● **YOUR ASSIGNMENT**: Output every record verbatim, and omit each picture.

Records from a collection:

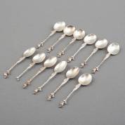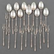 Negen 2e gehalte zilveren mokkalepeltjes, en elf zuurvorkjes met bokkenpootje, meester: J.M. van Kempen & Zonen, Voorschoten, 19e/20e eeuw, daarbij: één 2e gehalte theelepel met bokkenpootje, gewicht 100 gram, theelepel 11 cm
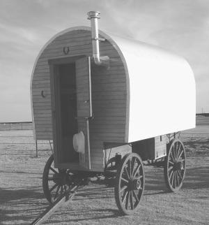 The sheepherders' wagons take a lot more work, she explains, although lower-end models are available for as little as $9,000. A recent wagon was custom designed for use at a Bed and Breakfast in Wyoming. It had a double bed on one end and benches on the side with a little chuck box and a heating stove.
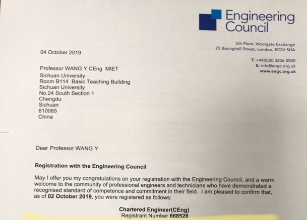 近日,我院电气工程系王渝红教授通过国际工程师资质认证,获颁英国皇家特许工程师证书。皇家工程师资格由英国工程理事会和英国工程技术学会联合认证,是世界公认的国际工程师资格认证之一。近年来引入我国,在中国科协工程能力评价和工程师资质国际互认工作的统一安排下开展。电气工程领域的认证从2018年10月开始,由中国电机工程学会(CSEE)和英国工程技术学会(IET)联合开展。通过认证的工程师将获得英国工程理事会、中国电机工程学会和英国工程技术学会联合颁发的证书,该证书受英国、欧盟、美国、加拿大、澳大利亚及亚太多个国家和地区认可。
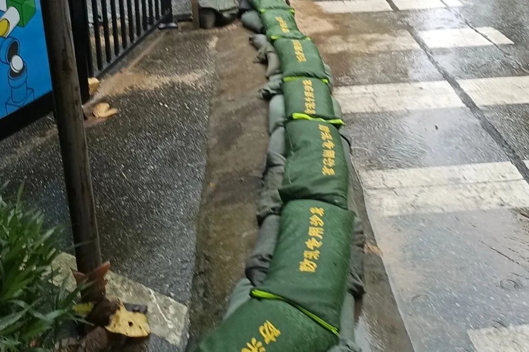 9月7日白天起,番禺区下起了中雨、局部大雨。可逸江畔早早就将沙袋、铁马、应急排水泵、水带、防汛沙袋、挡水板、铁锹等各项防汛物资储备到位,立即结合小区一、二、三期的地势高低,对各低洼地下车库入口合理配备沙包,预防雨水灌淹。
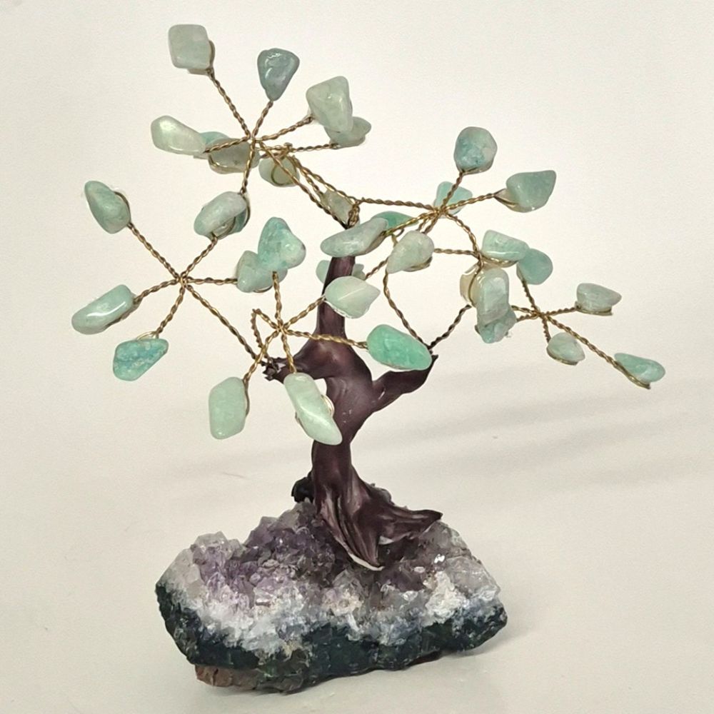 Die Blätter bestehen aus sorgfältig ausgewählten, getrommelten Amazonit Steinchen, die grün-weiss leuchten und dem Baum eine harmoische, herzliche Ausstrahlung verleihen.
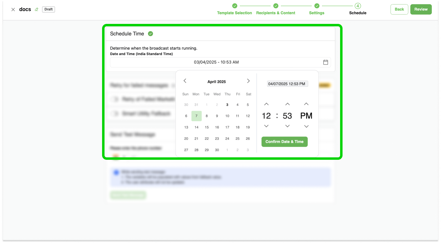 Choose your preferred time and date to reschedule the broadcast from the Schedule tab i.e. Step 4.
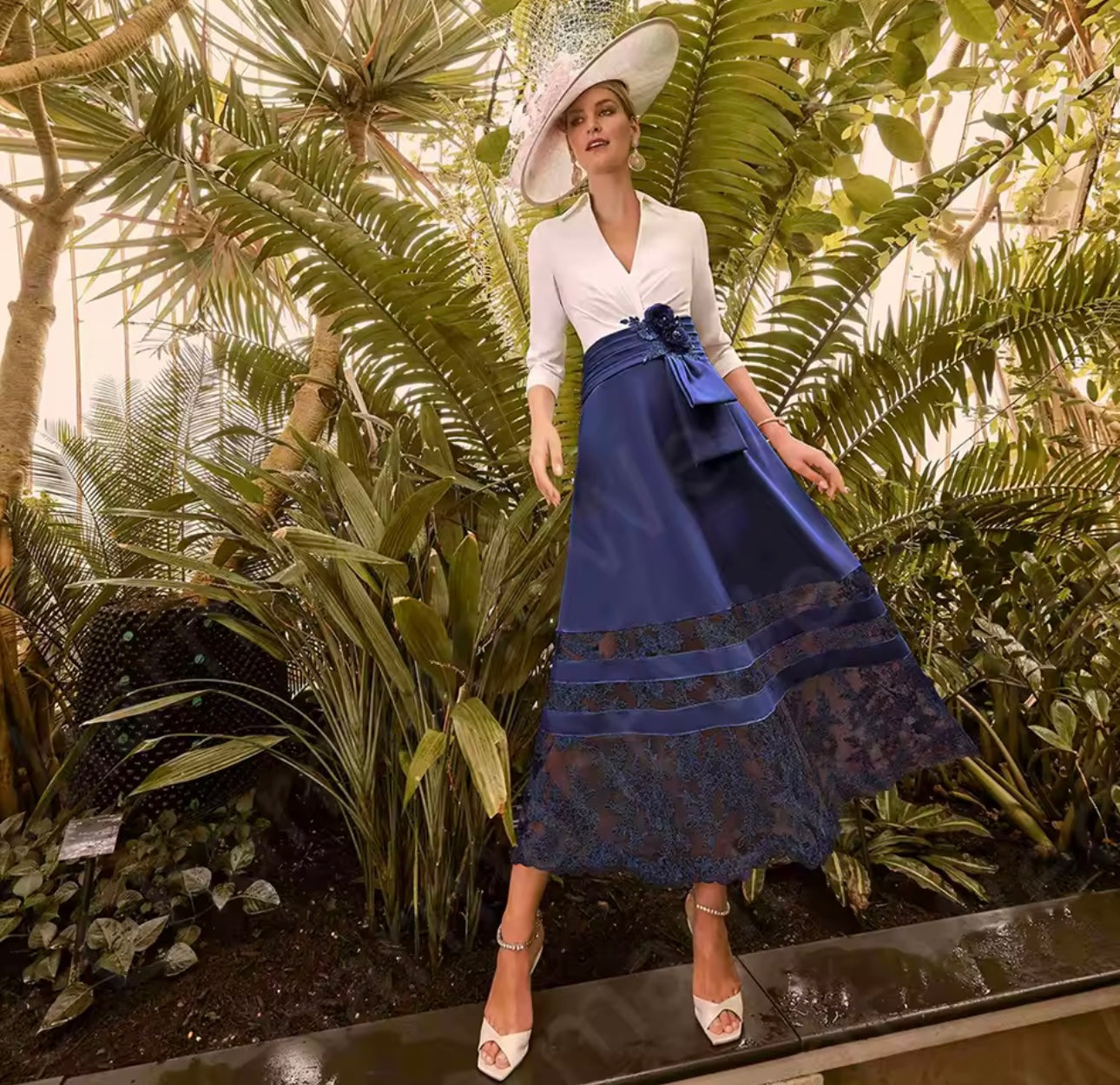 A refined two-tone gown with a crisp white wrap bodice and deep blue A-line skirt. The lace hem adds intricate detail, while a wide sash with floral appliqué defines the waist for timeless charm.
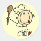 Un chef con un palo masculino en el gorra de un chef sostiene una cuchara de madera y el texto dice "Chef" con camisetas, llaveros, corbatas, delantales, mousepads, tarjetas y pegatinas.
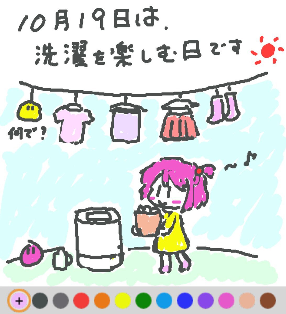 10月19日は、 洗濯を楽しむ日でした♪ 日付は、10月19日を「1019」として「せん(1000)とく(19)=たく」(洗濯)と読む語呂合わせから♪ 「秋晴れ」のこの季節、「洗濯・乾燥」を楽しめる日にしたいですね(#^.^#) #REALITYで描いてみた #REALITYイラスト部 #朝の10分お絵描き #今日は何の日 pic.x.com/jBIGctogqk
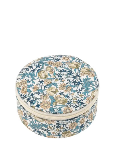 Bewahren Sie Ihre wertvollen Schmuckstücke sicher in dieser runden Schmuckschatulle auf. Sie verfügt über einen Reissverschluss und ist mit einem zarten Blumenmuster verziert, das perfekt ist, um Ihrem Schminktisch einen Hauch von Eleganz zu verleihen.

● **EXPECTED ANSWER**:
 Negen 2e gehalte zilveren mokkalepeltjes, en elf zuurvorkjes met bokkenpootje, meester: J.M. van Kempen & Zonen, Voorschoten, 19e/20e eeuw, daarbij: één 2e gehalte theelepel met bokkenpootje, gewicht 100 gram, theelepel 11 cm
 The sheepherders' wagons take a lot more work, she explains, although lower-end models are available for as little as $9,000. A recent wagon was custom designed for use at a Bed and Breakfast in Wyoming. It had a double bed on one end and benches on the side with a little chuck box and a heating stove.
 近日,我院电气工程系王渝红教授通过国际工程师资质认证,获颁英国皇家特许工程师证书。皇家工程师资格由英国工程理事会和英国工程技术学会联合认证,是世界公认的国际工程师资格认证之一。近年来引入我国,在中国科协工程能力评价和工程师资质国际互认工作的统一安排下开展。电气工程领域的认证从2018年10月开始,由中国电机工程学会(CSEE)和英国工程技术学会(IET)联合开展。通过认证的工程师将获得英国工程理事会、中国电机工程学会和英国工程技术学会联合颁发的证书,该证书受英国、欧盟、美国、加拿大、澳大利亚及亚太多个国家和地区认可。
 9月7日白天起,番禺区下起了中雨、局部大雨。可逸江畔早早就将沙袋、铁马、应急排水泵、水带、防汛沙袋、挡水板、铁锹等各项防汛物资储备到位,立即结合小区一、二、三期的地势高低,对各低洼地下车库入口合理配备沙包,预防雨水灌淹。
 Die Blätter bestehen aus sorgfältig ausgewählten, getrommelten Amazonit Steinchen, die grün-weiss leuchten und dem Baum eine harmoische, herzliche Ausstrahlung verleihen.
 Choose your preferred time and date to reschedule the broadcast from the Schedule tab i.e. Step 4.
 A refined two-tone gown with a crisp white wrap bodice and deep blue A-line skirt. The lace hem adds intricate detail, while a wide sash with floral appliqué defines the waist for timeless charm.
 Un chef con un palo masculino en el gorra de un chef sostiene una cuchara de madera y el texto dice "Chef" con camisetas, llaveros, corbatas, delantales, mousepads, tarjetas y pegatinas.
 10月19日は、 洗濯を楽しむ日でした♪ 日付は、10月19日を「1019」として「せん(1000)とく(19)=たく」(洗濯)と読む語呂合わせから♪ 「秋晴れ」のこの季節、「洗濯・乾燥」を楽しめる日にしたいですね(#^.^#) #REALITYで描いてみた #REALITYイラスト部 #朝の10分お絵描き #今日は何の日 pic.x.com/jBIGctogqk
 Bewahren Sie Ihre wertvollen Schmuckstücke sicher in dieser runden Schmuckschatulle auf. Sie verfügt über einen Reissverschluss und ist mit einem zarten Blumenmuster verziert, das perfekt ist, um Ihrem Schminktisch einen Hauch von Eleganz zu verleihen.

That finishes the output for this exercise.